Solicited review by Delphine Battistelli:

This paper gives an interesting and original survey of approaches dealing with rhetoric/argumentative analysis of scientific literature: first, by putting the stress on the necessity to deal with it to improve the ways of exploring large collections of research papers (for comparing results, research data… and to supply debates and confrontations) and thus for improving connections between scientists (authors, readers, and users); second, by putting the stress on the difficulties to automatise – at
least partially – such a task from "real" texts. From this point of view, a recapitulative list of main involved linguistic markers types would have been informative.

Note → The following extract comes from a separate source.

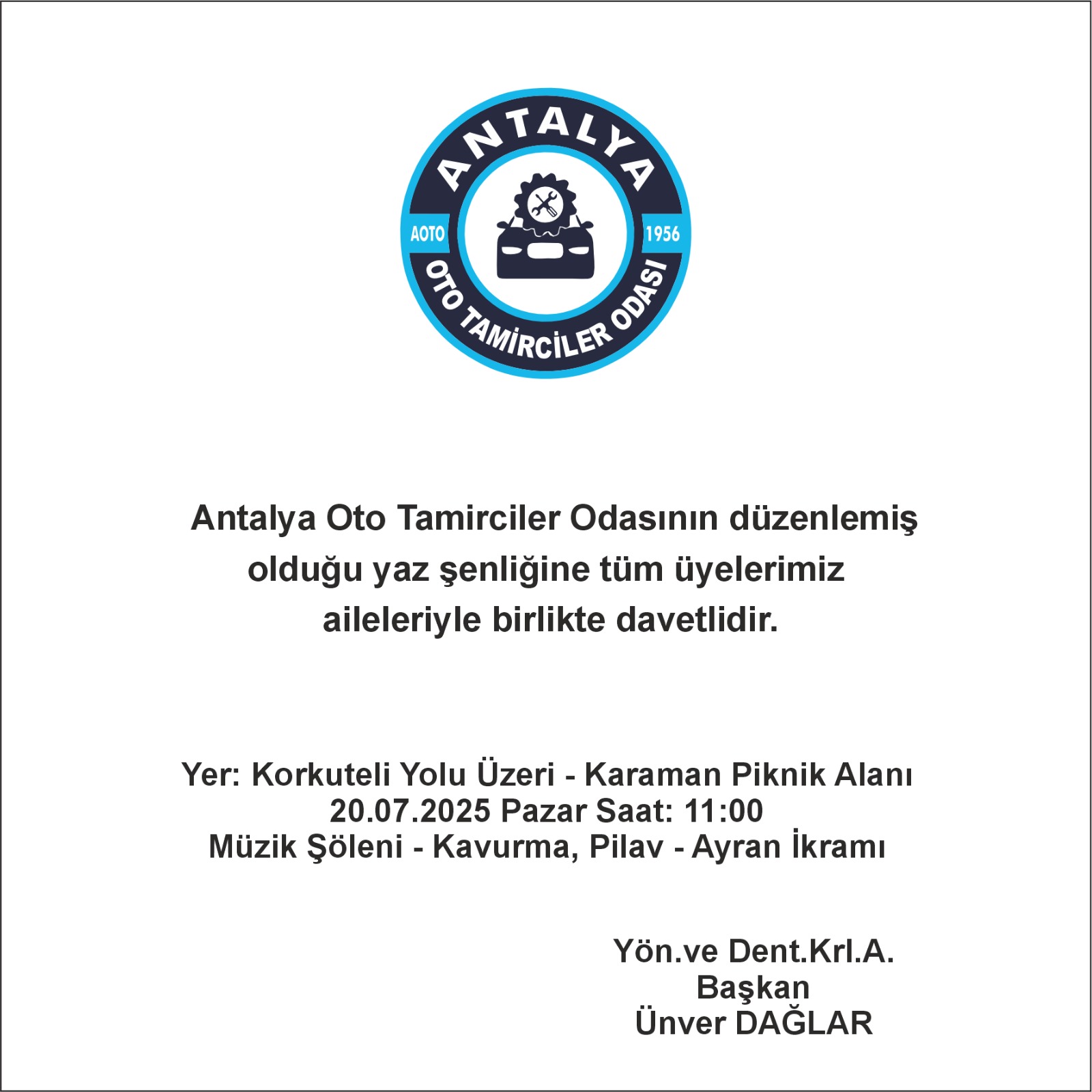 Oto Tamirciler Odası olarak ,20 Temmuz pazar günü Karaman Piknik alanında , saat 11.00 da düzenleyeceğimiz yaz şenliğine tüm üyelerimiz aileleriyle birlikte davetlidir. Katılımlarınız bizleri onurlandıracaktır.

Solicited review by anonymous reviewer:

The authors present a review paper addressing the question "What does scientific publishing and discourse look like on the social, semantic web?". The authors have organized their review around 3 axes: i) modeling scientific discourse (rhetorical structure of publications and discourse), ii) machine annotation of scientific discourse, iii) semantic tools for scientific discourse.

Summary of the review:

This review has been written considering the journal guidelines as outlined at The reviewer has also considered how is this review providing the reader with a critical analysis.


From the Journal's guidelines:

(1) Suitability as introductory text, targeted at researchers, PhD students, or practitioners, to get started on the covered topic:

Reviewer: The paper does not fully cover previous work in a way so that it has the potential to become an introductory text. The review presented by the authors tends to reference their previous work; 30% of the references pointing to their own previous work. There is the need to improve the analysis and present a more thoughtful discussion; the discussion is absent in this paper, assuming section 5 is a discussion the authors are using for this section less than a full page. For a review, this paper doesn't really present a comparison framework. It does not consider how the models have been evaluated (have they been evaluated at all?), nor does it consider how the models have been used.

(2) How comprehensive and how balanced is the presentation and coverage.

Reviewer: The paper does not present a balanced review, nor does it comprehensively cover the field related to topic the authors are addressing. There are too many self-references; the 3 axes of this review are related to previous work developed by the authors, there are published papers and deployed tools the authors are simply omitting. They don't define a coherent and significant criterion for comparing the approaches they are presenting.

(3) Readability and clarity of the presentation.

Reviewer: There are problems with the architecture of the paper as well as with the English. On the one hand, the authors don't clearly explain why and how are the axis ( those upon which the review is built) related to one another and to the overall research issue they are addressing. In addition, some paragraphs are too long; some other paragraphs are too short. There are also problems with the references. Furthermore, the paper should be harmonized; it has too many different writing styles. This lack of uniformity is also reflected in the English, some sections are well written; some other sections are poorly written. On the other hand, there are several grammatical problems that make it difficult for the reader to understand the paper.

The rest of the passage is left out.